The …What Is Series is a group of three large works about acceptance. Entitled Embrace What Is, Be Present with What Is, and Surrender to What Is, these paintings are swirling, pulsing masses full of energy and life. I feel like each mass is about to explode off the canvases, like a star about to go nova. In each painting, the circle is surrounded by a cloud of pigment and shapes have already flung off the main mass. This reminds me of unstable atoms. The surrounding white canvases seem to contain the energy… but not for much longer.

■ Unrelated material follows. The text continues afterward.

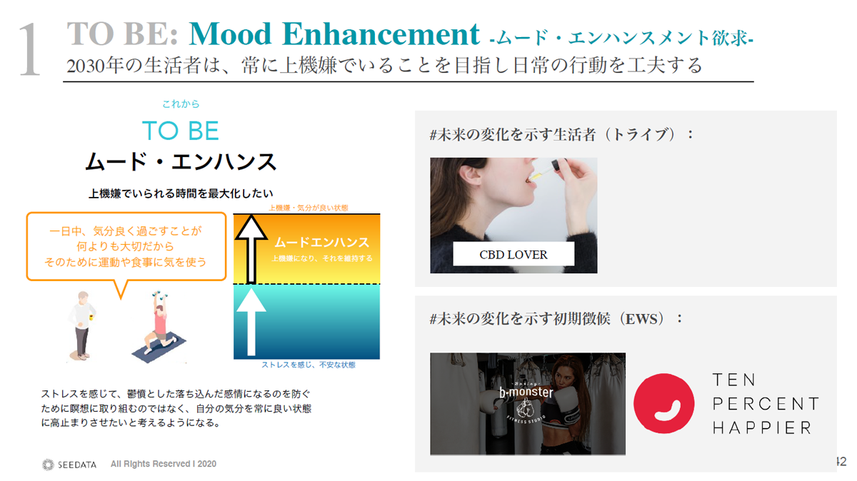 SDGでは「2030年の生活者は常に上機嫌でいることを目指し日常の行動を工夫する」と予測し、それをムードエンハンス欲求と呼ぶ。

Of the three, I like Be Present with What Is the most. While the other titles imply actions and their jumble of clashing colors vibrate, Be Present is calm. Its colors are quiet blues and white. Notice how the surrounding haze is not as defined as the others, and none of its forms have been flung out from the center. This atom is stable. To embrace something and to surrender to something could imply a conflict or struggle. To be present with something is to simply exist. To be. Nothing else is required.

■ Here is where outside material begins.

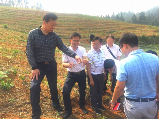 宋建朝委員(左一)在安順市西秀區(qū)檢查安順山藥生長情況

Dancing with My Beloved I & II (2025)

When I visited the exhibition, I was familiar with Zaman’s style displayed in the paintings above. His experimentation in geometric abstraction caught me by surprise. These works, like Dancing with My Beloved I & II represent the freedom Becca spoke about when he allowed himself to play and have fun even as his illness advanced. They hold a special meaning for her, too. Becca singled Dancing with My Beloved I & II out specifically as her favorite paintings in the show:

He and I did [these] sitting next to each other over twelve hours, over many days…. Every step he said, “Well, what do we think should go here? What shape?” [She responded,] “What if we did a row of squares here?” “OK, what colors should we do?” We did it in conversation, and so it was an intense and meaningful time together. And it was a sweet moment, because… I had realized I had learned so much about his process by watching him… I felt so close to him… and he enjoyed involving [his family].[iv]

Painted in November, just before his death, Dancing with My Beloved I & II are his final messages of love to her. Zaman also created similar works for his children. This time with her husband was a precious memory to her and I feel blessed that she shared it with me.


The C. Stuart & Jane H. Hunt Gallery is one of the smaller venues I’ve been to. It gets crowded fast which hampers free movement within the space, but that should only be an issue on opening nights or during receptions. Its location is ideal, however, centrally located in downtown Buffalo, New York, filling the first-floor space of the Hunt Real Estate headquarters building on Lafayette Square. It is across the street from the central branch of the Buffalo and Erie County Public Library and the historic Hotel at the Lafayette, and a short walk from the theatre district, city hall, Sahlen Field, and other landmarks. Attached to the Hunt Gallery is Beebe’s on the Square, a charming lounge-style restaurant that hosts visual and musical artists throughout the year, including the Art Meets Jazz concert series.


[i] Becca Bass, in discussion with the author, January 2026.

[ii] Becca Bass, Surrender to Mercy: The Final Works of Muhammad Z. Zaman, exh. cat. (C. Stuart and Jane H. Hunt Art Gallery, 2026) 11.

[iii] Translation from Google Translate, accessed March 8, 2026.

[iv] Bass, in discussion with the author, January 2026.